Variants with unconventional annotations (such as structural variants enclosed by < >) will always
be passed, provided they do not have a reference genotype.
During preprocessing, shouldn't you be running pre.py to ensure consistent format for INDELs?
This is indeed the best practice. However, pre.py changes the VCF annotations, meaning
that a model trained on pre.py-processed VCFs will only run on VCFs that have been subjected to
the same procedure. Moreover, in our experience the improvements gained from applying pre.py are
minimal.
Since ease of use is one of our primary goals, it seemed better not
to require our users to apply pre.py to every VCF in their pipeline. That said, users
wishing to go this route can easily modify the file autofilt_preprocess.py to include
a pre.py command.
Can I train on multiple VCFs?
Sure.
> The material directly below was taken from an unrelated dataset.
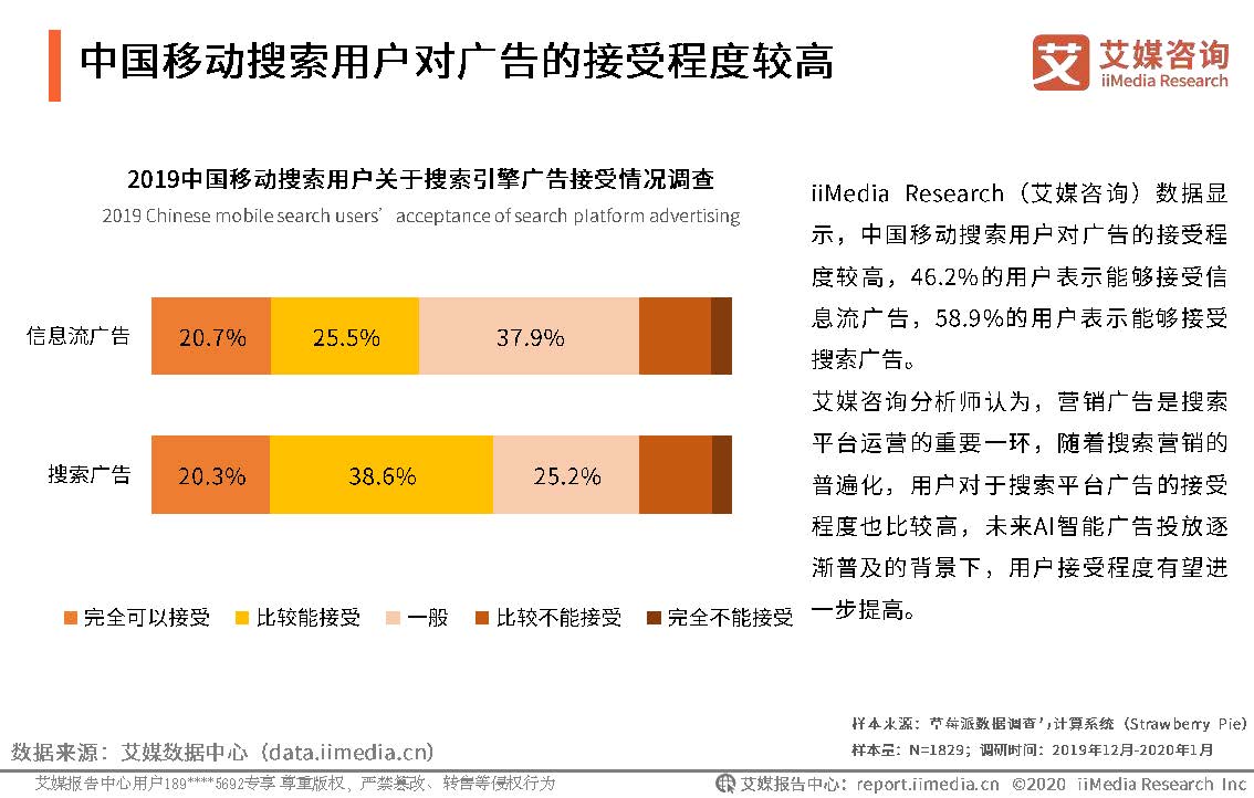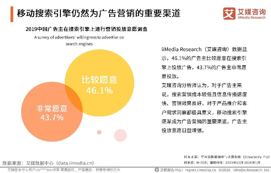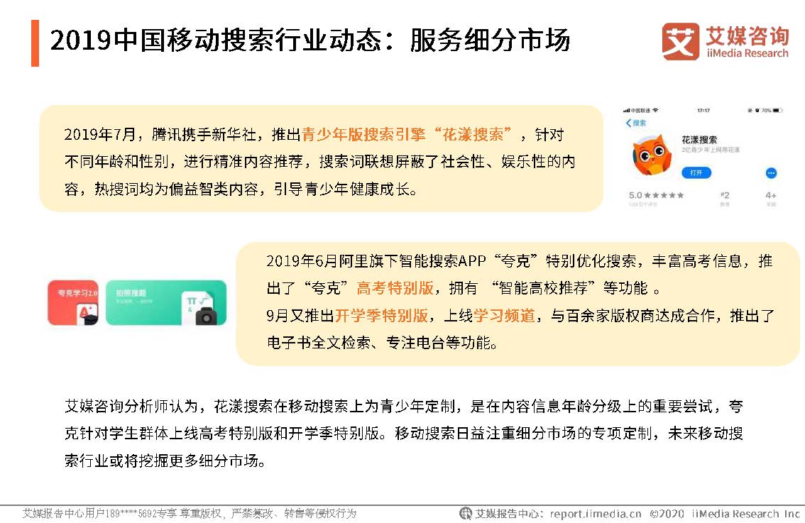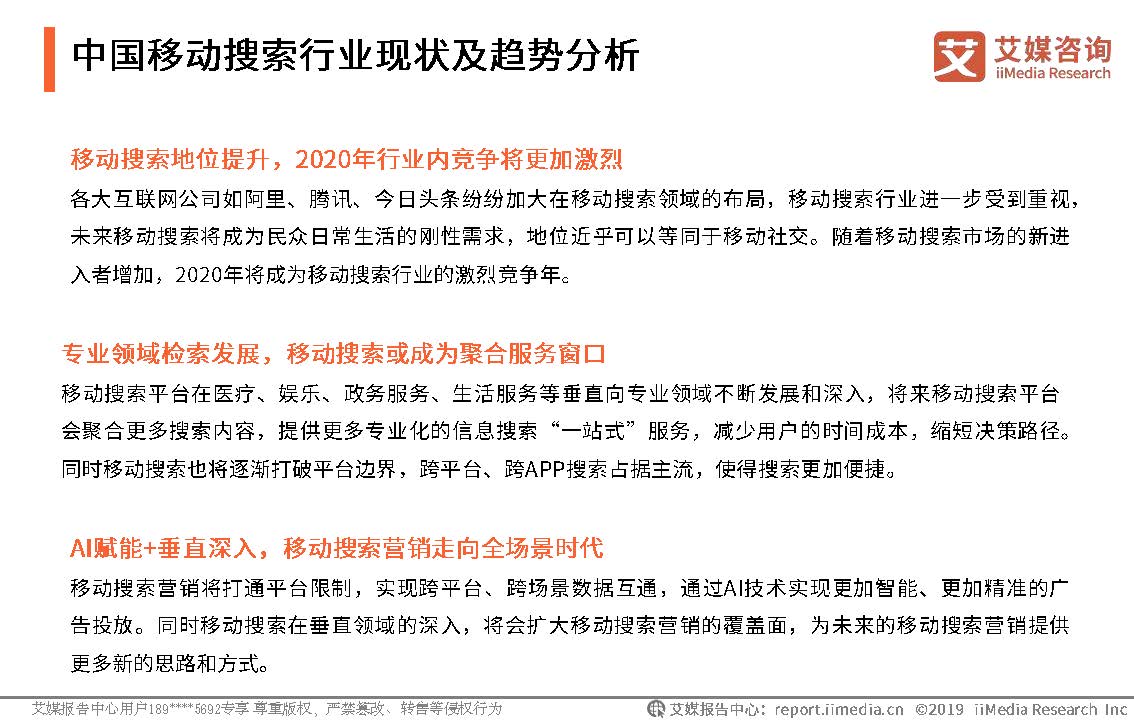 移動搜索用戶達7.05億人,2020將迎激烈競爭年。2019年第四季度中國移動搜索用戶已達7.05億人,規模保持穩定增長態勢。與此同時,各大互聯網巨頭平臺更加注重在搜索行業的布局,而神馬搜索、搜狗搜索等平臺也繼續加強發展步伐,面對龐大的市場,2020年移動搜索將迎來激烈競爭年。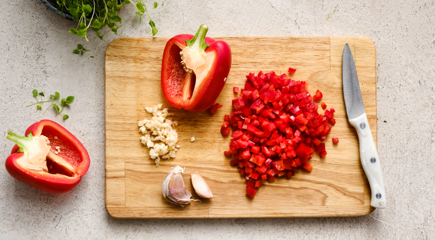 - Чеснок раздавите, очистите, мелко нарежьте. У сладкого перца удалите перегородки с семми и плодоножки. Нарежьте перцы акуратными мелкими кубиками.

Just pass multiple "--vcf_query_preprocessed" and "--vcf_happy" arguments to the training script
autofilt_train.py in
a consistent order.
When building custom models, do I have to include entries for all 16 types (SNP het, SNP hom, I1_5_het, ..., MNP_hom)?
Nope!
Why does AutoFilter only support xgboost architecture? I want to use neural networks/logistic regression/random forests/support vector machines!
None of these model-types is robust enough to blindly train on all features in an arbitrary VCF and achieve good results.
The remarkable discerning power of gradient-boosted trees is really what makes AutoFilter possible in the first place.
One could build an AutoFilter-like package for applying these other architectures to VCFs, but accuracy and ease
of use would both suffer.
You say AutoFilter trains on all the features in a VCF. Won't some of these features just be meaningless noise that impairs accuracy?
This is another problem that is largely obviated by the gradient-boosted tree architecture, which focuses on important features and ignores the
uninformative ones. In our experience, feature-pruning an xgboost model does not lead to significant gains in accuracy. Regardless,
AutoFilter achieves solid performance even when all features are included.
Which version of Python is AutoFilter supposed to run on? And is this the same version required by the preprocessing script?
AutoFilter is designed to work in Python 3.6, though it works in 2.7. The program hap.py requires python 2.7, meaning the script preprocess.sh in Step 3 must be run in a python 2.7 environment.
We recommend the use of a version-flexible distribution of Python such as Anaconda. You can seamlessly add your package-loading commands to the pre-processing script-writer autofilt_preprocess.py as shown below:
## autofilt_preprocess.py
...
with open(scriptfile_preprocess,'w') as fx:
fx.write("#!/bin/bash\n")
fx.write("#$ -pe smp 8\n")
fx.write("conda activate your_python2.7_env") ##### ADD THIS LINE ######
fx.write(cmd_dict['bedtools_path']+' intersect -a '+bedfile_truth +' -b '+bedfile_query+' |\\\n')
fx.write(cmd_dict['bedtools_path']+ ' sort -i - > ' + bedfile_intersected +'\n')
Can I use AutoFilter to identify somatic variants?
No, this sounds like a terrible idea. Somatic variant calling is much harder than germline calling owing to the enormously larger genetic diversity of a tumor sample. There are many tools (MuTect, VarScan) specifically designed to address this difficult problem.